MOBILE_DATA = "../data/dino_monthly_mobile_201501-202209.json"
CUMULATIVE_DATA = "../data/dino_monthly_cumulative_201501-202209.json" 

# This template is used to map parameter values into the API_REQUST_PER_ARTICLE_PARAMS portion of an API request. The dictionary has a
# field/key for each of the required parameters. 
ARTICLE_PAGEVIEWS_PARAMS_TEMPLATE = {
    "project":     "en.wikipedia.org",
    "access":      "",      # this value will be changed for the different access types
    "agent":       "user",
    "article":     "",             # this value will be set/changed before each request
    "granularity": "monthly",
    "start":       START_DATE,
    "end":         END_DATE   
}

The request_pageviews_per_article is a function that takes in the article titles, access type, endpoint url, parameters (defined earlier) and headers makes the request for the information related to the article. This function returns a JSON (dictionary type) with all the information on the article.

In [None]:
#########
#
#    PROCEDURES/FUNCTIONS
#

def request_pageviews_per_article(article_title = None, 
                                  access = "desktop",
                                  endpoint_url = API_REQUEST_PAGEVIEWS_ENDPOINT, 
                                  endpoint_params = API_REQUEST_PER_ARTICLE_PARAMS, 
                                  request_template = ARTICLE_PAGEVIEWS_PARAMS_TEMPLATE,
                                  headers = REQUEST_HEADERS):
    # Make sure we have an article title
    if not article_title: return None
    
    # Titles are supposed to have spaces replaced with "_" and be URL encoded
    article_title_encoded = urllib.parse.quote(article_title.replace(' ','_'))
    request_template['article'] = article_title_encoded
    request_template['access'] = access

    
    # now, create a request URL by combining the endpoint_url with the parameters for the request
    request_url = endpoint_url+endpoint_params.format(**request_template)
    
    # make the request
    try:
        # we'll wait first, to make sure we don't exceed the limit in the situation where an exception
        # occurs during the request processing - throttling is always a good practice with a free
        # data source like Wikipedia - or other community sources
        if API_THROTTLE_WAIT > 0.0:
            time.sleep(API_THROTTLE_WAIT)
        response = requests.get(request_url, headers=headers)
        json_response = response.json()
    except Exception as e:
        print(e)
        json_response = None
    return json_response


The generate_views function takes in the subset of articles and accesstype as parameters. It loops through each article in the articles subset and calls the request_pageviews_per_article function for information on the article. 
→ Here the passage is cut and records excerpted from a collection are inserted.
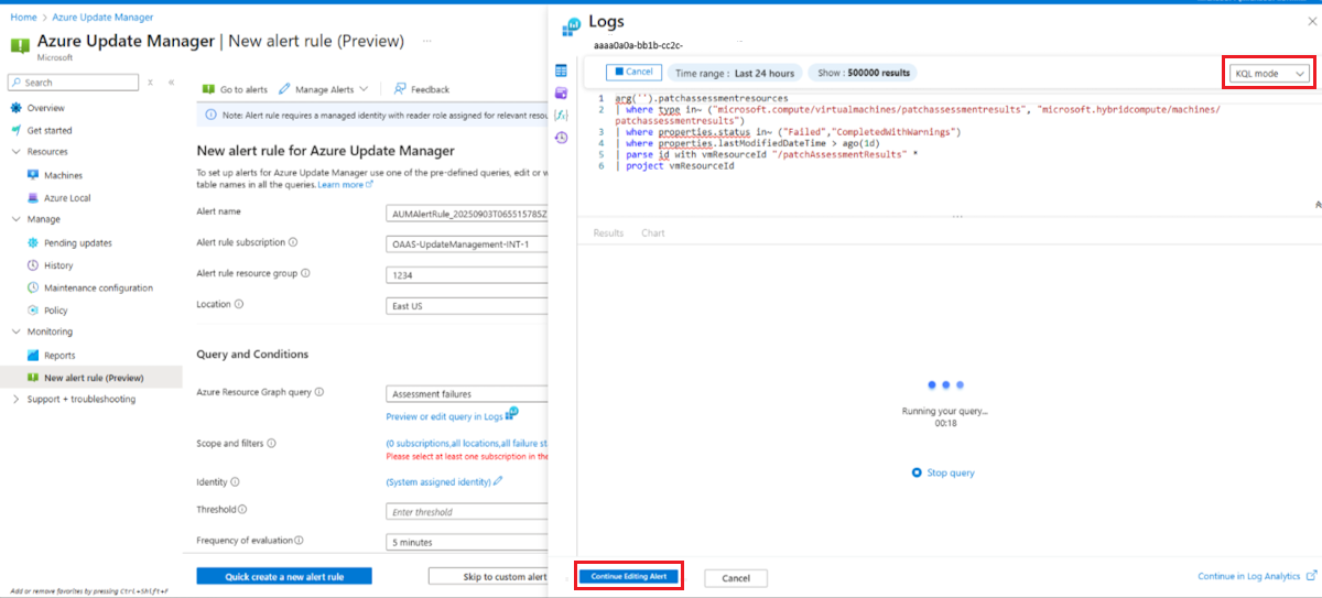 選取 [在記錄中預覽或編輯查詢 ] 以執行選取的警示查詢選項或編輯查詢。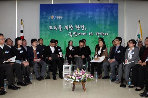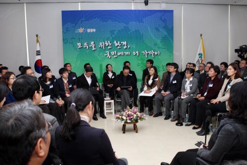 참석자 : 이명박 대통령.환경부 장관 이명박 대통령과 김황식 국무총리가 27일 경기도 과천시 정부과천청사에서 유영숙 장관의 2012년 환경부 업무보고를 듣고 있다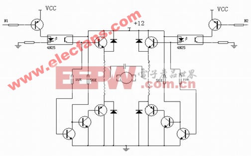 在实验中的控制系统电压统一为5v电源,因此若达林顿管基极由控制系统直接控制,则控制电压最高为5V,再加上三极管本身压降,加到电动机两端的电压就只有4V左右,严重减弱了电动机的驱动力。基于上述考虑,我们运用了4N25光耦集成块,将控制部分与电动机的驱动部分隔离开来。输入端各通过一个三极管增大光耦的驱动电流;电动机驱动部分通过外接12V电源驱动。这样不仅增加了各系统模块之间的隔离度,也使驱动电流得到了大大的增强。

For mobile access type, there are two seperate requests so the code combines the monthly pageviews for both mobile-app and mobile-web and returns the combined mobile views.

For cummulative access type, I generate the cummulative pageviews for all the months until September 2022 (by adding the monthly views of the priors months to each month) and return the the total pageviews for all access types.

For desktop access type, the montly pageviews is returned as is from therequest API.

This function returns a dictionary containing each article title as the key and it's relevant information as the values.

In [None]:
# A function to generate datasets for all articles at different access levels
def generate_views(articles, access):
    views_json = {}

    if access == "mobile":
        # The API separates mobile access types into two separate requests: mobile-app and mobile-web.
        # The following code sums these to make one count for all mobile pageviews.
        mobile_views = {}
        for title in articles:
            mobile_app_views = request_pageviews_per_article(title, "mobile-app")
            mobile_web_views = request_pageviews_per_article(title, "mobile-web")
        
            mobile_app_views = mobile_app_views['items']
            mobile_web_views = mobile_web_views['items']
            mobile_views = mobile_app_views
            for month in range(len(mobile_web_views)):
                mon = mobile_web_views[month]
                views = mon['views']
                mobile_views[month]['views'] += views
            views_json[title] = mobile_views
    elif access == "all-access":
        for title in articles:
            views = request_pageviews_per_article(title, access)
            total_views = 0
            views = views['items']
            for month in views:
                total_views += month['views']
                month['views'] = total_views
            views_json[title] = views
    else:        
        for title in articles:
            views = request_pageviews_per_article(title, access)
            views = views['items']
            views_json[title] = views

    return views_json

The write_file function saves the the dictionary received from the previous function into JSON files. As previously stated, the file name and path to save the JSON file to has already been defined above.

In [None]:
# Saving the datasets as JSON files
def write_file(path, views):
    with open(path, "w") as f:
        json.dump(views, f)

Now I call the function for each of the three access types in the following steps:

In [None]:
# Creating monthly desktop views
desktop_views = generate_views(ARTICLE_TITLES, "desktop")
write_file(DESKTOP_DATA, desktop_views)

In [None]:
# Creating monthly cumulative views
cumulative_views = generate_views(ARTICLE_TITLES, "all-access")
write_file(CUMULATIVE_DATA, cumulative_views)

In [None]:
#Creating monthly mobile views
mobile_views = generate_views(ARTICLE_TITLES, "mobile")
write_file(MOBILE_DATA, mobile_views)